=== STORED DATA ===

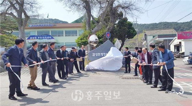 결성면행정복지센터(면장 안기억)는 지난 20일 행정복지센터 체제 출범에 따라 면사무소 간판을 교체하는 현판 및 표석 제막식을 가졌다. <사진>
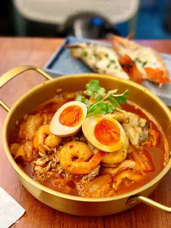 今日來到位於中環歌賦街這間小店魚蝦蟹,他們賣點是無添加味精,食材又新鮮,他們最近推出了晚市二人套餐$498(免加一),已包括2款前菜、1款主食、1款鍋物、2款飯麵、是日甜品,CP值超高😍🤩凡惠顧二人套餐,即送蒜蓉開邊蒸大蝦兩隻,大大隻,肉質彈牙又鮮甜。🥒蒜泥青瓜拼雲耳爽口的青瓜雲耳,配上滿滿的蒜泥,是最絕組合。味道上拿捏得剛剛好,不會太過濃味。🍅酸甜開胃話梅車厘茄心機之作,每一粒車厘茄已經去皮,而且用話梅糖水和花雕酒浸足兩日。味道偏甜,帶有一些話梅的味道。🐟鹽焗烏頭魚 +$20店員會好細心幫你去皮拆肉,所以不用擔心要怎樣處理。烏頭肉質肥厚肉嫩,香茅味十足,配上特調的醬汁更突出魚肉鮮甜。喜歡吃辣的朋友,可以加一些辣醬,更加惹味。🍲鮮濃蝦湯泡菜鍋 +$20超級足料,包括海蝦、魚片、墨魚餅、豬頸肉、肥牛、金菇、什菜。重點是湯底,蝦味濃郁而且不咸不辣。🦐蝦籽蝦油撈麵滿滿都是蝦籽,加上濃郁的蝦油鮮味,真是極邪惡。🧄香蔥蒜油撈麵濃郁的香蔥蒜油,味道拿捏得剛剛好,不會太過濃味。🍫是日甜品 - 朱古力泡芙…Read More
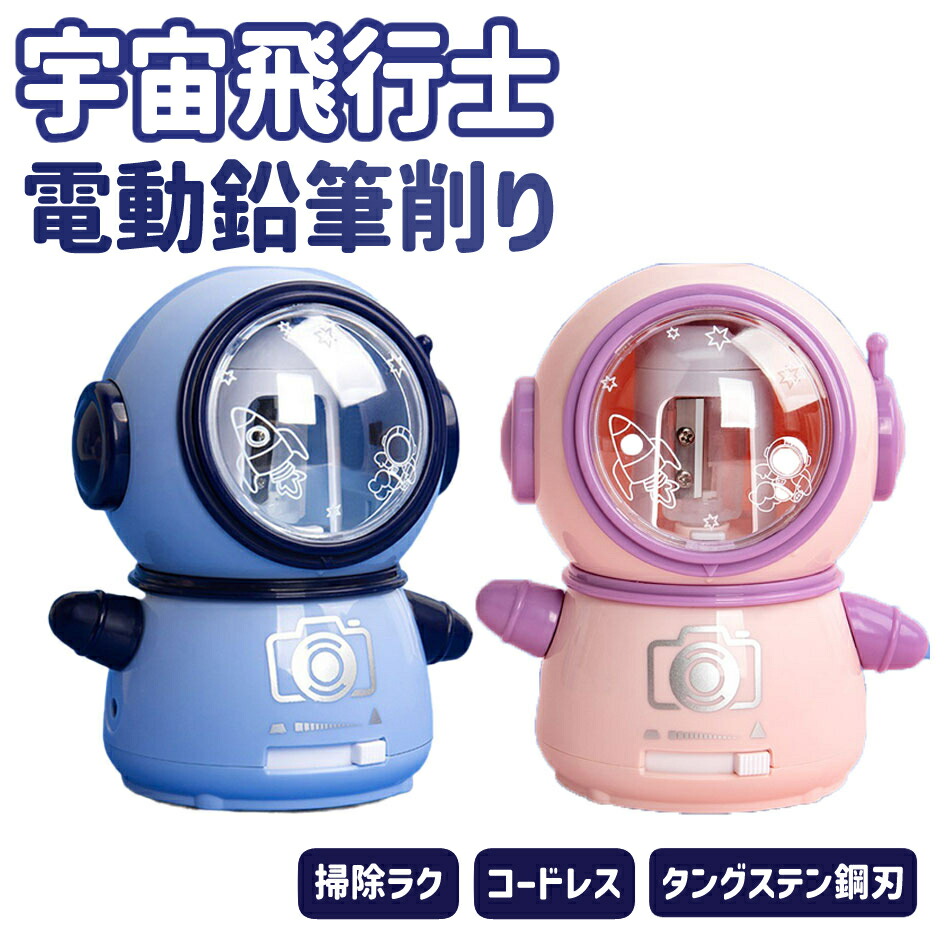 鉛筆削り 電動 宇宙飛行士 えんぴつ削り 鉛筆けずり 小学生 子供 タングステン鋼刃 女の子 男の子 かわいい おしゃれ 電動 電池 えんぴつけずり 透明 小型 充電 コードレス プッシュ式
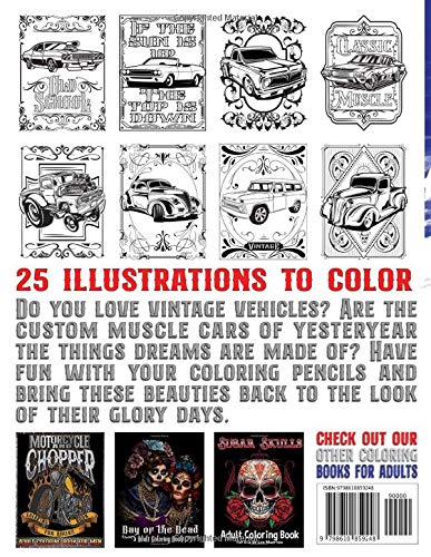 Work Out The Stress With Coloring Pages. Vintage and Muscle Car lovers and enthusiasts can sit down and pull out their coloring pencils while they drain those daily frustrations and create their own work of art.Original Illustrations. We’ve included 25 images so you can be as creative a you like. Single-sided Images. Each image is on its own page to reduce bleed-through.Makes a Wonderful Gift for Birthdays, Holidays or other gift-giving occasion.
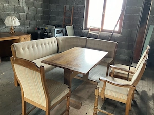 Wohnzimmereinrichtung mit Tisch, Eckbank, 3 Stühle, Couch ( alles gepolstert mit demselben Stoff) und Schreibtisch.

===

Before answering, please find the line containing "- 朱古力泡芙…Read More" above, then copy exactly from it through the last line of the entries, both included, without pictures.

 今日來到位於中環歌賦街這間小店魚蝦蟹,他們賣點是無添加味精,食材又新鮮,他們最近推出了晚市二人套餐$498(免加一),已包括2款前菜、1款主食、1款鍋物、2款飯麵、是日甜品,CP值超高😍🤩凡惠顧二人套餐,即送蒜蓉開邊蒸大蝦兩隻,大大隻,肉質彈牙又鮮甜。🥒蒜泥青瓜拼雲耳爽口的青瓜雲耳,配上滿滿的蒜泥,是最絕組合。味道上拿捏得剛剛好,不會太過濃味。🍅酸甜開胃話梅車厘茄心機之作,每一粒車厘茄已經去皮,而且用話梅糖水和花雕酒浸足兩日。味道偏甜,帶有一些話梅的味道。🐟鹽焗烏頭魚 +$20店員會好細心幫你去皮拆肉,所以不用擔心要怎樣處理。烏頭肉質肥厚肉嫩,香茅味十足,配上特調的醬汁更突出魚肉鮮甜。喜歡吃辣的朋友,可以加一些辣醬,更加惹味。🍲鮮濃蝦湯泡菜鍋 +$20超級足料,包括海蝦、魚片、墨魚餅、豬頸肉、肥牛、金菇、什菜。重點是湯底,蝦味濃郁而且不咸不辣。🦐蝦籽蝦油撈麵滿滿都是蝦籽,加上濃郁的蝦油鮮味,真是極邪惡。🧄香蔥蒜油撈麵濃郁的香蔥蒜油,味道拿捏得剛剛好,不會太過濃味。🍫是日甜品 - 朱古力泡芙…Read More
 鉛筆削り 電動 宇宙飛行士 えんぴつ削り 鉛筆けずり 小学生 子供 タングステン鋼刃 女の子 男の子 かわいい おしゃれ 電動 電池 えんぴつけずり 透明 小型 充電 コードレス プッシュ式
 Work Out The Stress With Coloring Pages. Vintage and Muscle Car lovers and enthusiasts can sit down and pull out their coloring pencils while they drain those daily frustrations and create their own work of art.Original Illustrations. We’ve included 25 images so you can be as creative a you like. Single-sided Images. Each image is on its own page to reduce bleed-through.Makes a Wonderful Gift for Birthdays, Holidays or other gift-giving occasion.
 Wohnzimmereinrichtung mit Tisch, Eckbank, 3 Stühle, Couch ( alles gepolstert mit demselben Stoff) und Schreibtisch.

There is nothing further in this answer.